How many of you know that Exmouth played a part in the American Civil War? Our story concerns Collett Leventhorpe who was born in Exmouth on 15 May 1815 to his parents Thomas and Mary. His father died of tuberculosis when Collett was only nine weeks old. Collett had an older brother, Thomas, who played cricket for Cambridge University. Collett studied at Winchester College until the age of 14 and he was then tutored privately for the next three years.

In 1832, at the age of 17 Collett joined the army, serving in Ireland with the Buckinghamshire Regiment followed by his purchasing a Lieutenancy in 1835 at the age of 20 and after being stationed in the West Indies for several years went to Canada where he became a Captain of Grenadiers with the 18th Regiment of Foot in 1842 at the age of  27. He then sold his captaincy to go south to South Carolina on business for an English company. The following year he went to North Carolina on holiday where he met his future wife, Louisa Bryan, daughter of General Edmund Bryan. They married in 1849 after Collett had graduated from Medical College in Charleston, South Carolina, although he never actually practised medicine. That same year he was granted US citizenship.
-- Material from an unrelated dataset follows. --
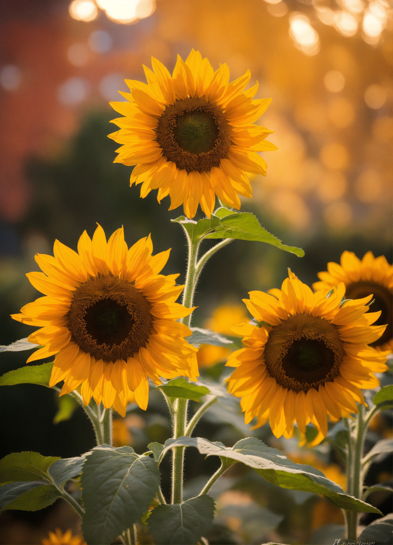Autumn sunflowers, elegant, luxury, clean, smooth, elegant, beautiful, highly detailed, sharp focus, studio photography, xf iq 4, 1 5 0 mp, 5 0 mm, iso 2 0 0, 1 / 1 6 0 s, realistic, natural light, octane render, adobe lightroom, rule of thirds, symmetrical balance, depth layering, polarizing filter, sense of depth, ai enhanced

When the Civil War broke out, he volunteered for the army and became a Colonel in 34th North Carolina Infantry. Between 1861 and 1862 he was drilling the regiment and was sent to the Atlantic Coast and from there back to North Carolina where he led his troops at the Battle of White Hall successfully slowing the advance of the Union Army. In the winter of 1853 he helped to repulse an attack on the Siege of Washington and the brigade joined up with General Robert E Lee for the Gettysburg Campaign. On the morning of July 1st Collett was seriously wounded in his left arm, shattering the bone and his hip and he was removed from the battlefield. He was captured by the Union Cavalry during the retreat to Virginia and was treated by a Union Surgeon who wanted to amputate his arm as gangrene had set in. He refused but let the surgeon cauterize his wound with nitric acid but he refused anesthesia reportedly saying that “he would have died rather than let an enemy see that a Confederate Officer could not endure anything without complaint”.

He survived the operation and was then held as a prisoner at Fort McHenry and Point Lookout before being released when he resigned his commission with 11th North Carolina and took command of the North Carolina Home Guard tracking down deserters. He was later commissioned as Brigadier General of state troops and he was the only Englishman ever to hold that rank in the US – not bad for an Exmouth lad! In 1865 he was requested to join the Confederate ranks once again but refused preferring to stay in state service. His troops defended Raleigh when Major General William T Sherman marched on North Carolina but they were forced to retreat to Greensboro where they surrendered on 26 April 1865.

After the Civil War Collett was involved with several business enterprises and politics. He and his wife settled in New York but they also travelled frequently to England. During this time he was known to have sympathies for the Ku Klux Klan but it is not known if he was ever actually a member.

He eventually settled in Wilkes County, North Carolina where he died on 1 December 1889 aged 74. For an Exmouth lad he certainly had an adventurous life, acquitting himself well on the battlefield but not without suffering. He found happiness with his wife while living in North Carolina in his latter days.